Evidence for orbital correlations and incipient orbital magnetism in ultrathin Co/Ni films

We present experimental evidence for orbital magnetism in heterostructures including ultrathin (111)-oriented Co/Ni bilayers. Magnetoelectronic measurements based on the anomalous Hall effect (AHE) show a nonlinear feature which appears on the background of paramagnetic response above the Curie point T_c of ferromagnetic films. The dependence on the magnetic field and temperature associated with this feature is well-described by the Landau theory of phase transition, with the transition temperature above T_c. The amplitude of the feature is maximized for equal thicknesses of Co and Ni.

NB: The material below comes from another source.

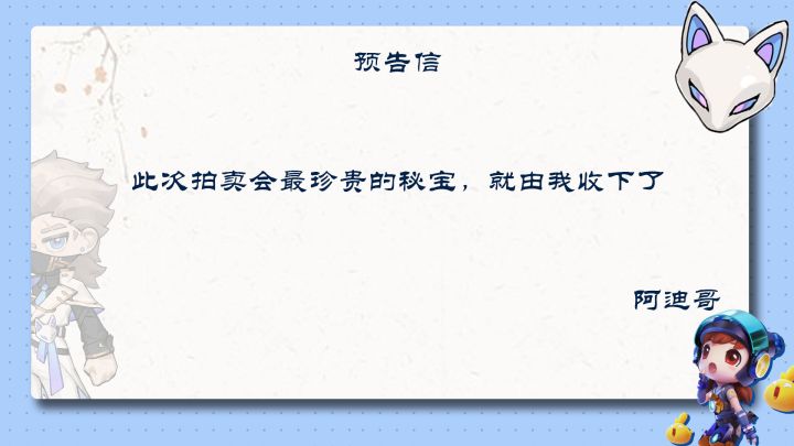 奇葩新鲜报——来不及念口号了!琪琪警官!报案!!“怎么一大早就慌慌张张的...这是什么?”琪琪本来还在犯困,看清小扫扫手中信纸内容的瞬间就激灵了:“这什么?!预告信?”原来小扫扫本来正在收集秘宝赛季的相关情报,据说本次赛季开启时,享誉奇葩大陆的珍贵秘宝即将在奇葩最负盛名的拍卖行——星空拍卖行进行正式拍卖,而拍卖行的主理人正是当下最炙手可热的大艺术家星奈。结果消息还没整理完,就从星奈那里听说拍

We utilize the Hubbard model complemented with two-order-parameter mean-field calculations to show that our observations can be explained by ferromagnetic orbital correlations between 3d electrons associated with orbitally-selective electron hopping confined to the film plane. Such correlations are maximized for 3d shell population of one hole per site realized in thin Co/Ni films with equal thicknesses of Co and Ni. Our model shows that ferromagnetism in thin films can be substantially enhanced by orbital correlations. These correlations allow one to control magnetic anisotropy and magnetoelectronic phenomena associated with spin-orbit coupling such as anomalous and spin Hall effects.